Why do you care unless he's making statements which depend on his authoritative experience, as Snowden is doing?
The real question is why Snowden needs a secure internet connection, seeing as how everyone knows (1) who he is (2) where he is and (3) it's a public Q&A so the idea is for everyone to hear what he says.
Were he really concerned about tampering, the more important issue would be distributing an authenticated public key to prove his responses weren't being quickly edited in flight. Which popping on and offline...doesn't really assure anyone about.
I don't know, maybe because an anonymous user is casting dispersions on the authenticity of someone who has very much put themselves forward as a real identity?
So because we "know" Snowden leaked the documents we should automatically "know" that he's the one responding? There's no web of trust or verification that we know of; we're taking the Guardian at its word. How do we know its not just some intern who has a list of answers given to probable questions?
Wow, that's not at all what I said. I like how you're deliberately taking things out of context.
We, the public, have no way of knowing if indeed its Snowden answering. It could be any number of persons, we just know that The Guardian says it's Snowden (probably). I'm all for calling the USG out on this matter, but I'd like if we could get some public verification of who is answering.

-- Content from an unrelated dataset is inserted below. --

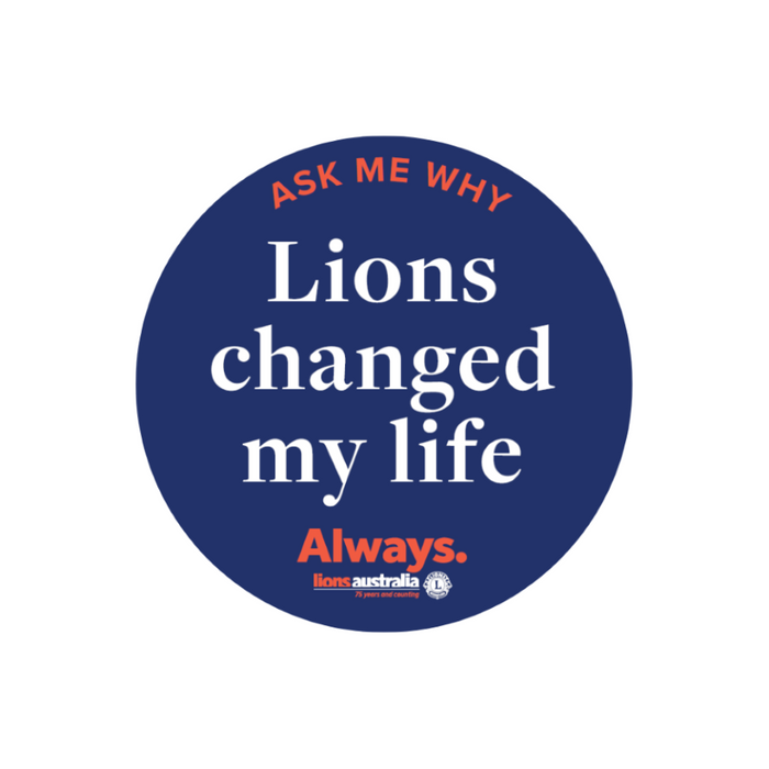 Ask me why Lions changed my life. Glossy 7.5cm button.

Many papers publish reports on things where the sources are not even named; indeed, the protection of anonymous sources is one of the tenets of journalism.
Requiring not only a named source, but a way of verifying that statements / correspondence were provably from that source, seems an impossibly high standard to meet (eg., he could sign each comment with a PGP key. But then, "How do we know it's his PGP key?". Etcetera etcetera, ad infinitum)

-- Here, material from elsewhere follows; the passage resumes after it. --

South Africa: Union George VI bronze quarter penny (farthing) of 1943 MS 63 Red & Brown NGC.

> Many papers publish reports on things where the sources are not even named; indeed, the protection of anonymous sources is one of the tenets of journalism.
Except this isn't the WSJ reporting on a new iPhone "rumor", this is a very public release of important information. He's already outed himself, so this isn't about protection of anonymity.
It really isn't hard for the Guardian and Snowden to setup a CoT including PGP. They can verify it using a key pair they have ultimate trust in and then include that verification in their posts. It isn't asking a whole lot for them to say why or how they have trust in the responses they're getting. I trust the Guardian, what I don't trust is whether or not we're actually getting answers from Snowden that aren't being manipulated en route or otherwise not "live" and intact.
Something more than "oh, yeah, that's him". I'm well aware its hard to be 100% certain, but surely they can offer something beyond "because we said it is".
I mean, pretty much every photo and video I've seen of the guy comes from the guardian - they could easily just be of a Guardian intern. So a photo of him holding a sign is out. A GPG key which is reputedly his is of extremely questionable provenance so a signature from that would be meaningless. He could leak some new top secret data to establish that he has access to it - but we know guardian journalists have had access to such data already and surely they have some stuff on file for future reports.
And this has to do with this comment thread how? When President Obama makes a statement, we know he's the one making it. It's publicly televised, he's the one saying it and we have very little reason to doubt that he is indeed saying the thing. This thread makes no claims about whether the things the person is saying are true, it's about whether we can verify who is making the claims.
But, by all means, continue to ignore what I'm talking about and interject your own sputum.
So are more documents going to drop?
If yes the the former, why can't The Guardian do an all-out dump instead of piecemealing it?